One of the pros of relational databases is that SQL is a standardized query language. Well, if SQL is often abstracted away by ORMs, then is the query language still standardized?

GQL does a very nice job of representing the data that is being queried and it is a pleasure to work with. There is no need to abstract it away with something like an ORM.


TigerGraph Web Development Tutorial

These steps follow the instructions on these pages:

Pros and Cons of TigerGraph (from a web development perspective)

Pros: A few reasons why I looked at TigerGraph in the first place

When I talk about GQL I am talking about ISO-GQL, not GraphQL. (Maybe I should explain the difference between GQL and GraphQL.)

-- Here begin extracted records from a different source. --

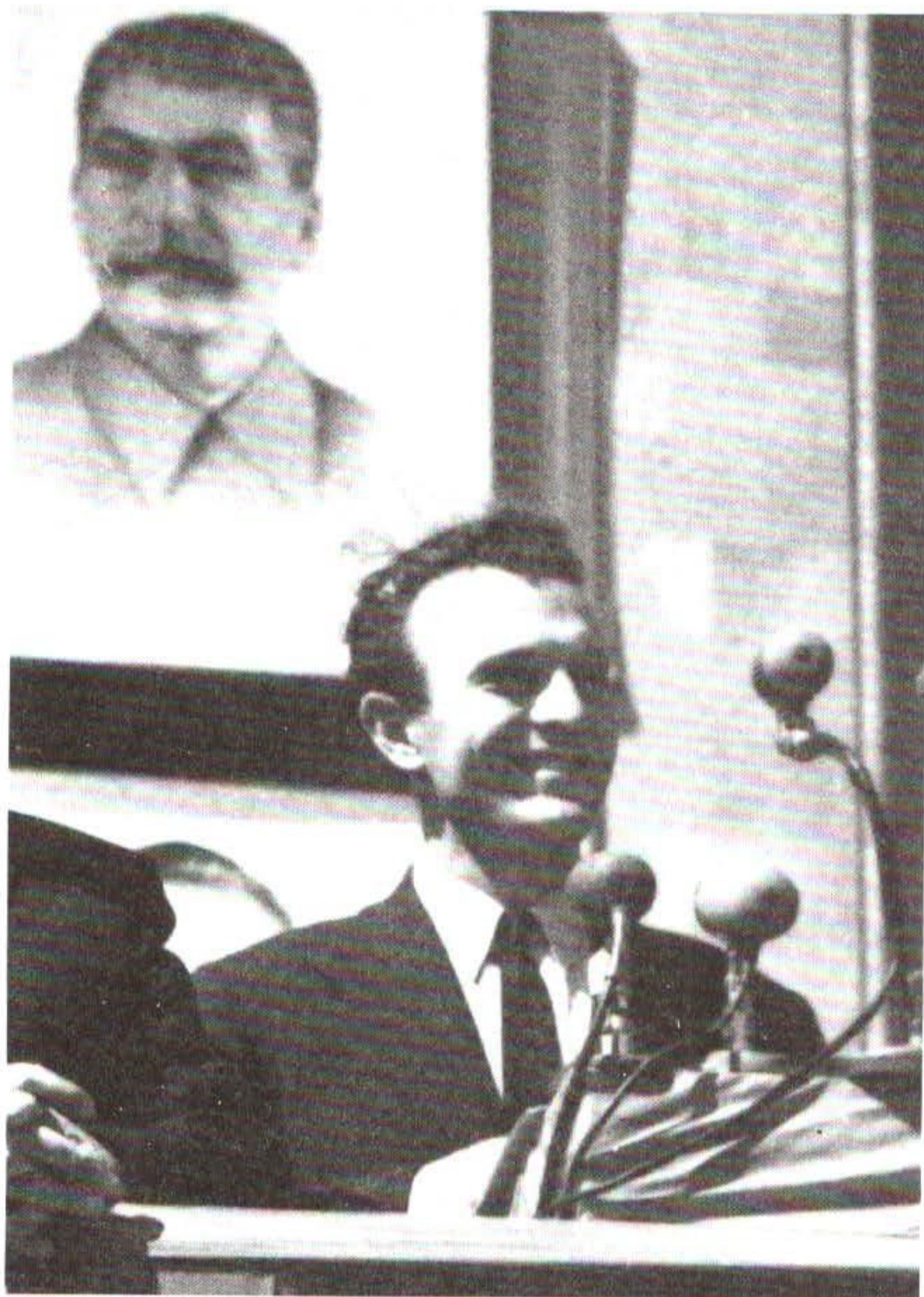
محض اطلاع بدانید که بدون حضور گرجیان تصمیمات سیاسی بزرگ اتخاذ نمی‌شود.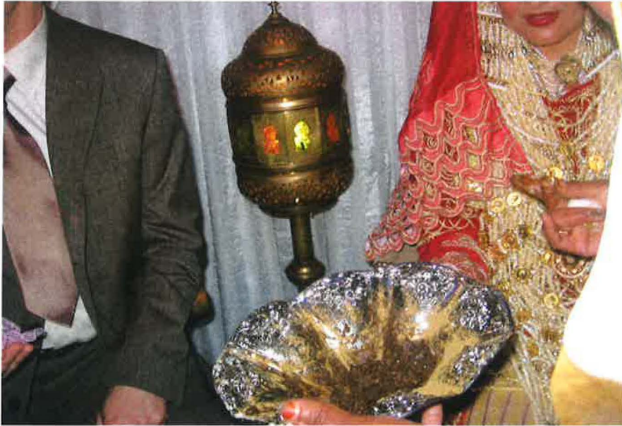
صورة توضح تقنية العرسان

كما أنه خلال هذا اليوم، وحسب العادة، إما أن يحني العروس وحده والعروسة في بيت أهلها أو أن يدخل الزوج إلى بيت زوجته فيحنيان مع بعض. وبذلك تصبح كلمة "حنة" تعني الزمن والطقس والنبات والتقنية والممارسة والنذر والحب والمودة.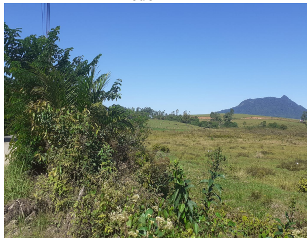
(B) Vista da área que receberá a extensão de rede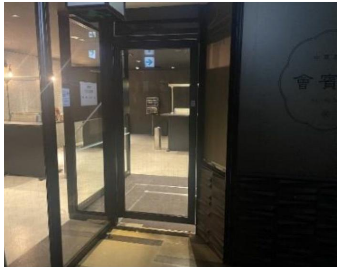
地下1F 喫煙室 (2022年1月リニューアル実施)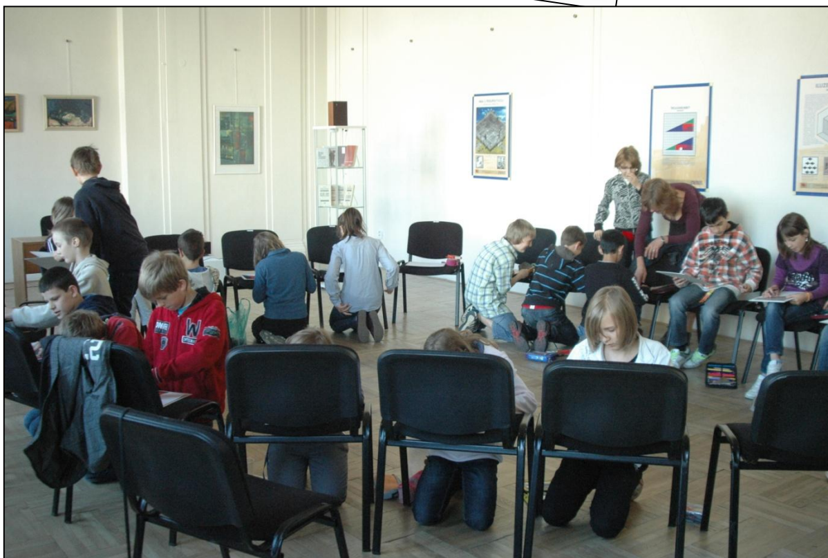
Některé z výstav Muzea umění a designu, jak je dnes dobrým zvykem, mapují vztah mezi uměním a vědou.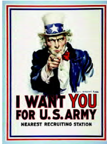
FIGURA 3 Propaganda de reclutamiento, Estados Unidos (1917)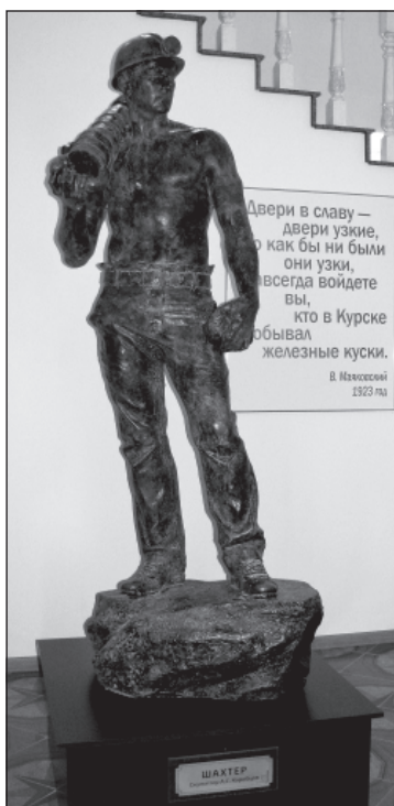
Памятник первопроходцам КМА. Скульптор – молодой губкинец Андрей Коробцов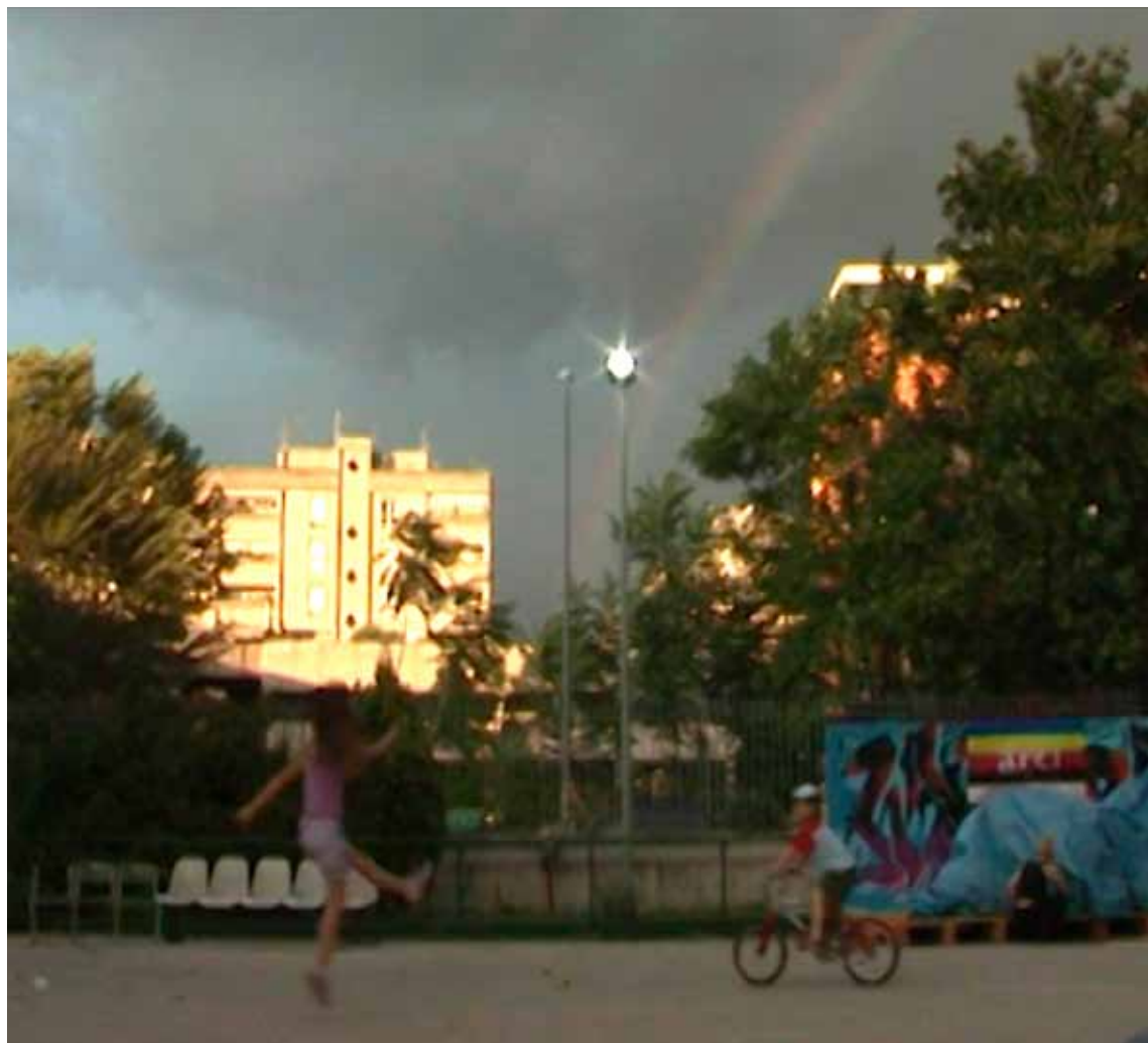
Un caso reale di verde pubblico. Il parco gestito dal comitato di quartiere.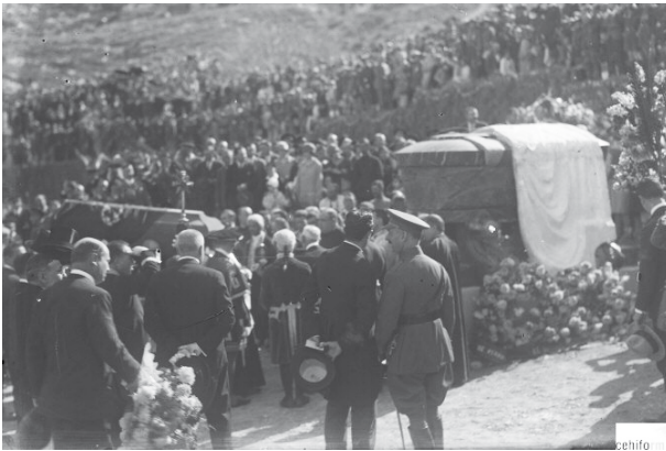
Llegada de los restos mortales del inventor a su mausoleo en el Cementerio de los Remedios (1927).

de Marina Don Álvaro de Bazán, que se encuentra en Viso del Marqués (Ciudad Real). En este archivo se pueden encontrar los numerosos planos del submarino o la memoria del mismo, realizados por el inventor, así como su hoja de servicios en la Marina, y demás documentos que testifican su paso por la Armada.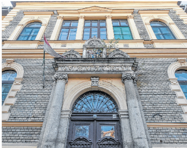
Tíz éve próbálják értékesíteni a „szellemkórházat”.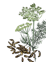
Semente de alcaravia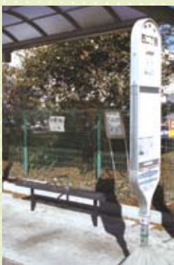
看板が設置された西二丁目バス停

を記載した看板を設置しました。引き続きパトロールなどを通じ環境美化を強化してまいります。

  • I love graph data models! Graph data models fit closely to how things are organized in the real world - objects/entities and their relationships to other objects/entities. To me, graph databases are much more intuitive than any other type of database. I have read that some people believe that graph databases can do anything that relational databases can do and more. (For example, see this thread: Why aren’t graph databases more popular?) I don’t know if that is true, but the flexibility of a graph data model along with a structured schema and ACID transactions means that I can alter my data model to address any future data needs while maintaining data accuracy, referential integrity, and transactional consistency. This post also provides some interesting insights: Why Graph Databases Will Win.
  • TigerGraph has committed to support openCypher. GQL is the big news in graph database query languages ISO has published GQL (GQL: The ISO Standard for Graphs Has Arrived), so you might be wondering, “If GQL has been published, then why are you concerned about openCypher?” Because openCypher will pave the road to GQL for Cypher implementers. One of the largest factors in deciding whether to use a particular database or not is if it follows industry standards. There tends to be a lot more information and help available for systems that follow industry standards. GQL finally provides a standardized query language for graph databases, which is a massive game changer. The ASCII-Art syntax of the GQL/openCypher query language also feels like an extension of the graph data model. I process information visually (i.e. I am a visual learner) and I can visualize the graph data pretty easily. For me, GQL/openCypher also makes writing queries easier because I can visualize the data that I am trying to create in or read from the database pretty easily. This is how Neo4j describes their Cypher query language: “Visual and Logical: Match patterns of nodes and relationships in the graph using ASCII-Art syntax. These patterns map directly to the domain model drawn in diagrams or on whiteboards. As a result, there is no impedance mismatch between the model, the database, and the query language.” (See Neo4j Cypher Query Language.)
  • The data that is returned from a query is easy to parse. Neo4j returns very large and complex data structures for even simple queries.
  • The TigerGraph Cloud suite is pretty impressive. I really like the schema designer and the variety of data types that can be used to define attributes.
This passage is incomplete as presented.